= LGBTQ culture in Italy =

LGBTQ culture in Italy refers to the artistic display of sexual diversity and the lifestyle of people with non-traditional sexualities and genders in the Italian Republic.

== Cinema ==
Two of the most important directors of Italian cinema, Luchino Visconti and Pier Paolo Pasolini, were homosexual or bisexual. Luchino Visconti, an openly bisexual filmmaker, was one of the founders of Italian neorealism, which would later evolve into a niche and distinctly stylized form of cinema, frequently featuring homosexual characters and homoeroticism. His first film with homosexual undertones was Obsession (1943), in which he discreetly presented the loving relationship between two of the protagonists as an intense relationship. Other Visconti films with homosexual elements include Rocco and His Brothers (1963) or the more explicit The Damned (1969), a historical reconstruction of the Night of the Long Knives. Perhaps his most emblematic film was Death in Venice (1971), a cinematic adaption of the novel by Thomas Mann, in which a music composer, inspired by Gustav Mahler and obsessed with beauty and perfection, falls in love with a young Italian man.

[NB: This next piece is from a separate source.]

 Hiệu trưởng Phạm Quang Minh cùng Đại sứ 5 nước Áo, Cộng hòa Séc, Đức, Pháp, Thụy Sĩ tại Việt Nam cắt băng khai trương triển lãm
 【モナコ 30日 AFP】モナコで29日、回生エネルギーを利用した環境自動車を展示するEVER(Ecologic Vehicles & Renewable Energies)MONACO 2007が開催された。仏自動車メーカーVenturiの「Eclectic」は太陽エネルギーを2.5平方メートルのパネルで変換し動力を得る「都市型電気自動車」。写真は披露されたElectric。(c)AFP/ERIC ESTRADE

Homosexuality was also a key influence in the productions of Pier Paolo Pasolini, who politicized the concept in antithesis to the bourgeois way of life. In his own words, he conceived his feature film Teorema (1968), in which all the members of a family fall in love with a character played by Terence Stamp, as "a religious story, a god who comes to a bourgeois family; beautiful, young, fascinating, angel and/or demon." His Trilogy of Life, which included The Decameron (1971), The Canterbury Tales (1972) and Arabian Nights (1974), he adapted classical texts using elements of explicit intercourse and fascist politics to show domination through eroticism. In his final and most controversial film, Salò, or the 120 days of Sodom (1975), released two weeks before his death, he fused Mussolini's fascist Italy with the philosophy of the Marquis de Sade, depicting graphic scenes of rape, sexual humiliation, coprophagy and torture.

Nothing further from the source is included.